*DATA SHOWN*
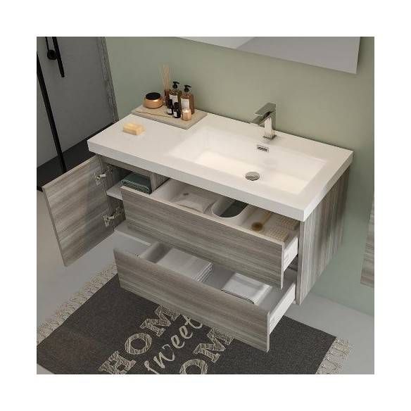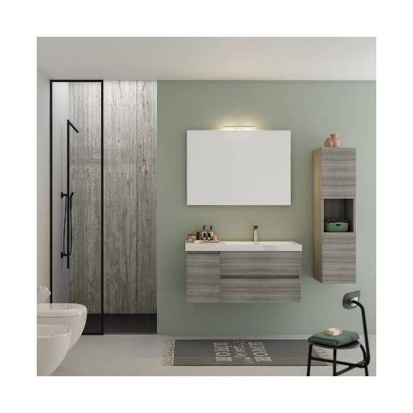 Base portalavabo sospesa (L 100 x P 46 x H 45 cm) in finitura Eucalipto grigio o Bianco Larix o Olmo Terra
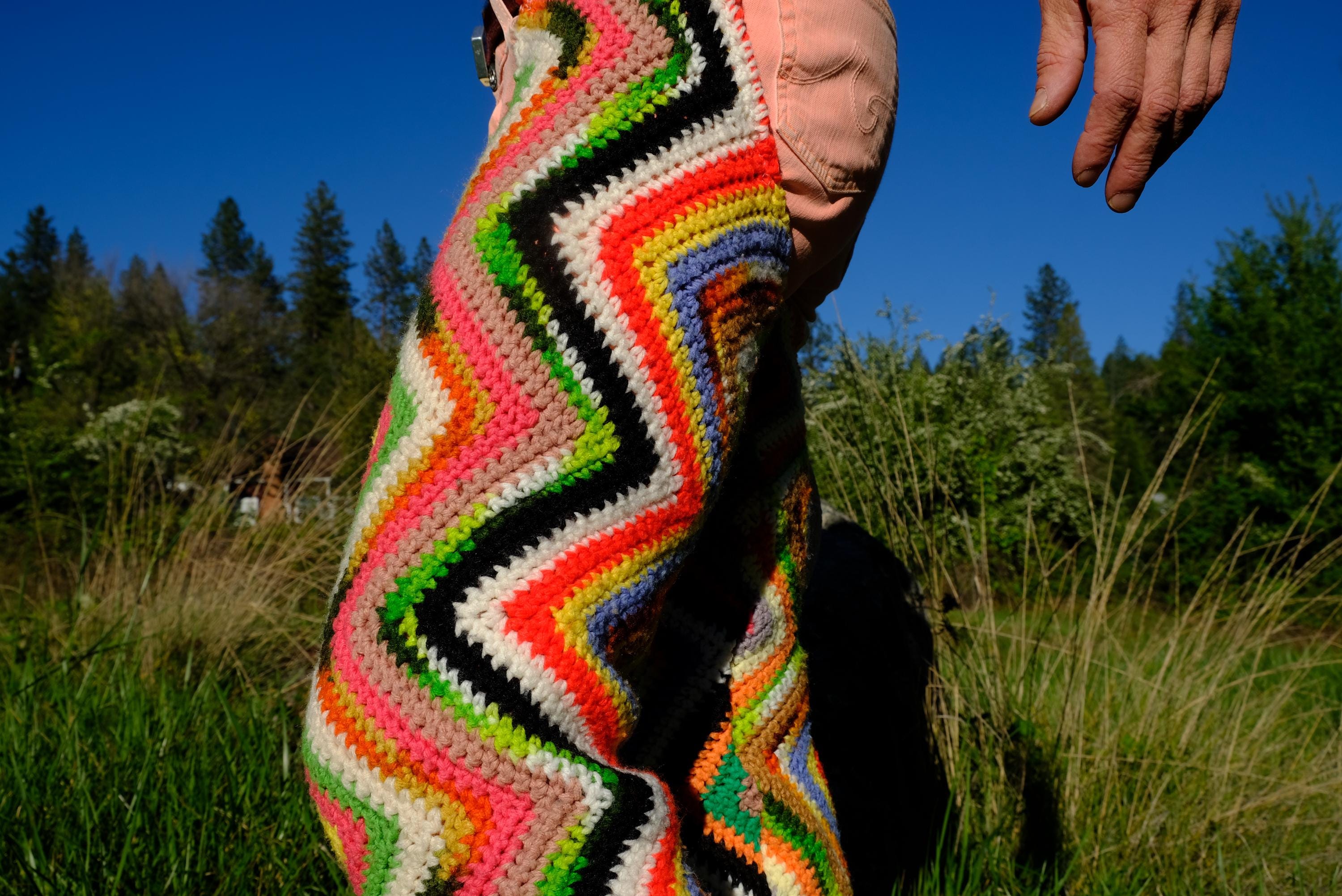 Afghan blankets are heritage textiles infused with color, texture and love. Crochet patterns live in our subconscious minds and are frequently associated , memories and nostalgia. Crochet shorts are stretchy and comfortable, warm yet breathable, eye-catching and vivid. In the words of one satisfied customer, "they might be the best thing we ever owned!!
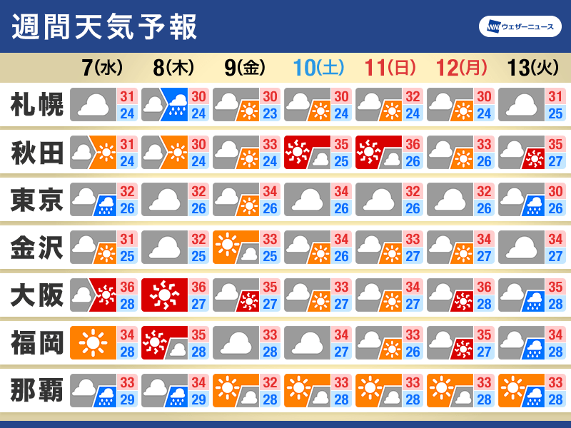 晴れていても天気が急変して局地的に雷雨となる日が続き、特に夕方〜夜間に雨雲が発達することが多い見込みです。どこでいつ雨が降るかは直前まで予測が難しいため、可能性を頭に入れて計画を立てるようにしてください。

*PROMPT*
Please copy out each line above exactly as written, but not the pictures.

*WRITTEN SOLUTION*
 Base portalavabo sospesa (L 100 x P 46 x H 45 cm) in finitura Eucalipto grigio o Bianco Larix o Olmo Terra
 Afghan blankets are heritage textiles infused with color, texture and love. Crochet patterns live in our subconscious minds and are frequently associated , memories and nostalgia. Crochet shorts are stretchy and comfortable, warm yet breathable, eye-catching and vivid. In the words of one satisfied customer, "they might be the best thing we ever owned!!
 晴れていても天気が急変して局地的に雷雨となる日が続き、特に夕方〜夜間に雨雲が発達することが多い見込みです。どこでいつ雨が降るかは直前まで予測が難しいため、可能性を頭に入れて計画を立てるようにしてください。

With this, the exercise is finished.